I couldn't find a better title, but here's the thing...
I was studying Elastic Net regularization and I found this function: $$ \text{Loss} = \sum_{i=0}^n \left(y_i - (wx_i + c)\right)^2 + \lambda_1 \sum_{i=0}^{m-1} \left|w_i\right| + \lambda_2 \sum_{i=0}^{m-1} w_i^2 \\ $$$$ \text{Loss} = \sum_{i=0}^n \left(y_i - (wx_i + c)\right)^2 + \lambda_1 \sum_{j=0}^{m-1} \left|w_j\right| + \lambda_2 \sum_{j=0}^{m-1} w_j^2 \\ $$
Sorry about the image, but it's much easier this way. So I found this as being the loss function. However, there is no lambda 1, nor lambda 2 in Scikit-Learn. Instead, we find alpha and l1_ration. After studying more, I found that Scikit-Learn alpha is actually lambda and Scikit-Learn l1_ratio is actually alpha, both from this other equation:
$$ L_\text{enet} = \frac{1}{2n}\sum_{i=1}^n (y_i - x_i^T \beta)^2 + \lambda \left( \frac{1-\alpha}{2} \sum_{j=1}^m \beta_j^2+ \alpha \sum_{j=1}^m \left|\beta_j\right| \right) $$
So I guess the biggest question is: how do I go from the first equation to the last equation?

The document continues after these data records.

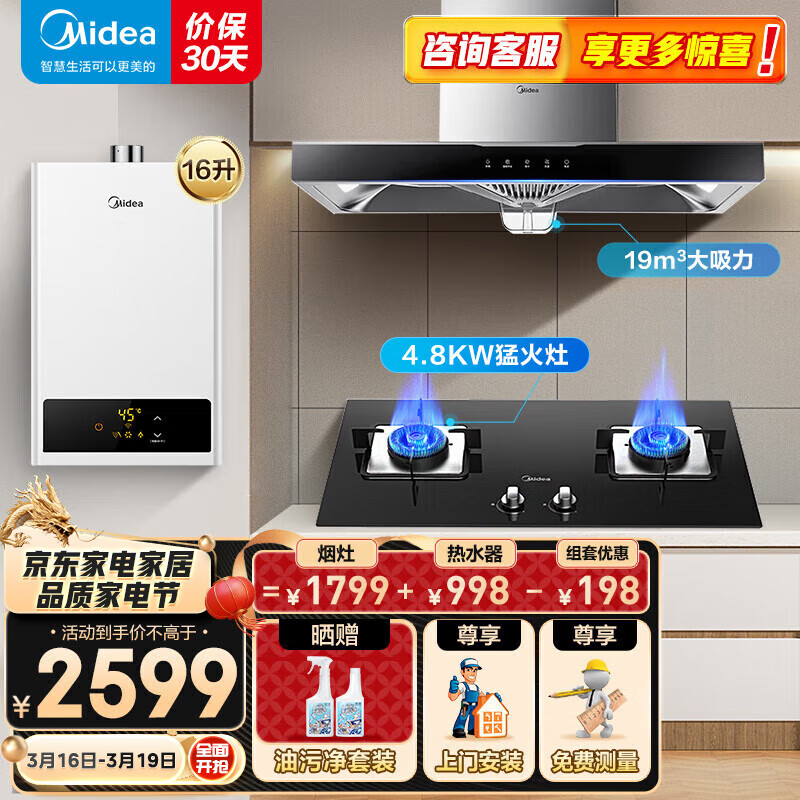 美的(Midea)欧式顶吸抽油烟机灶具烟灶多件套装燃气热水器家用烟灶燃热厨房三件套T33A+Q217B+16HWF天然气价格:2599.00元!
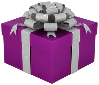 Purple gift box with silver glitter ribbon and large bow on transparent background
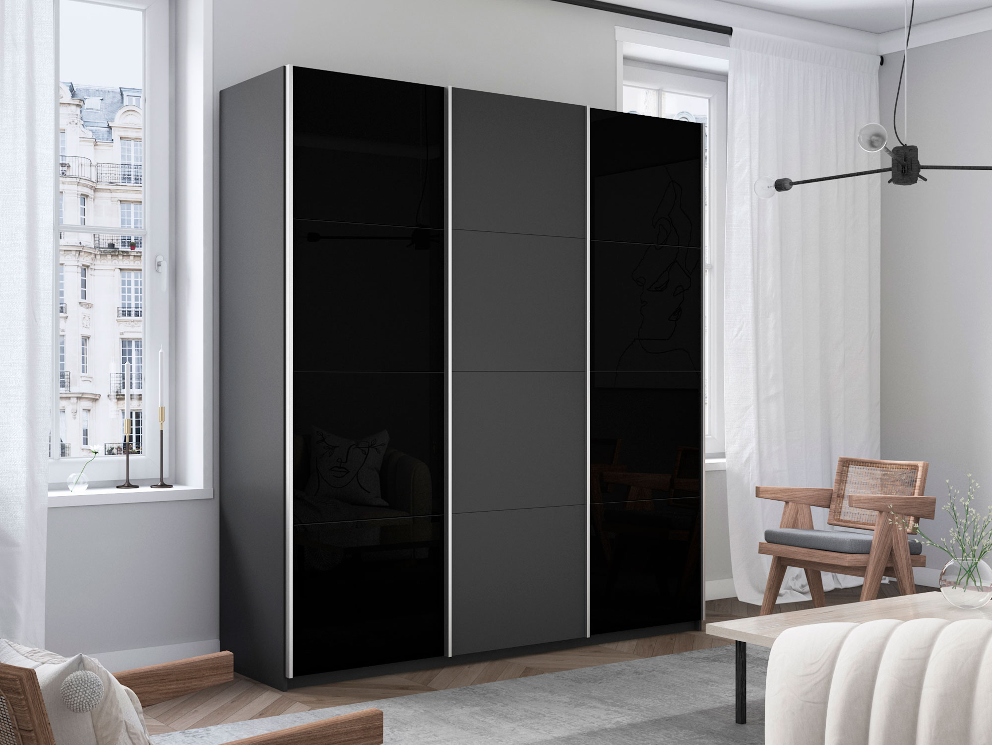 Шкаф-купе Прайм 3-х дверный 2100 два Стекла Черные/ДСП Серый Диамант

How are these two equations connected?
I couldn't find a way to go from the first equation to the second one.
Again, sorry about the image, I know this isn't the best practice, but it was so much easier to just add them in here.
NOTE: Please consider w and beta as the same thing, the coefficients from the regression.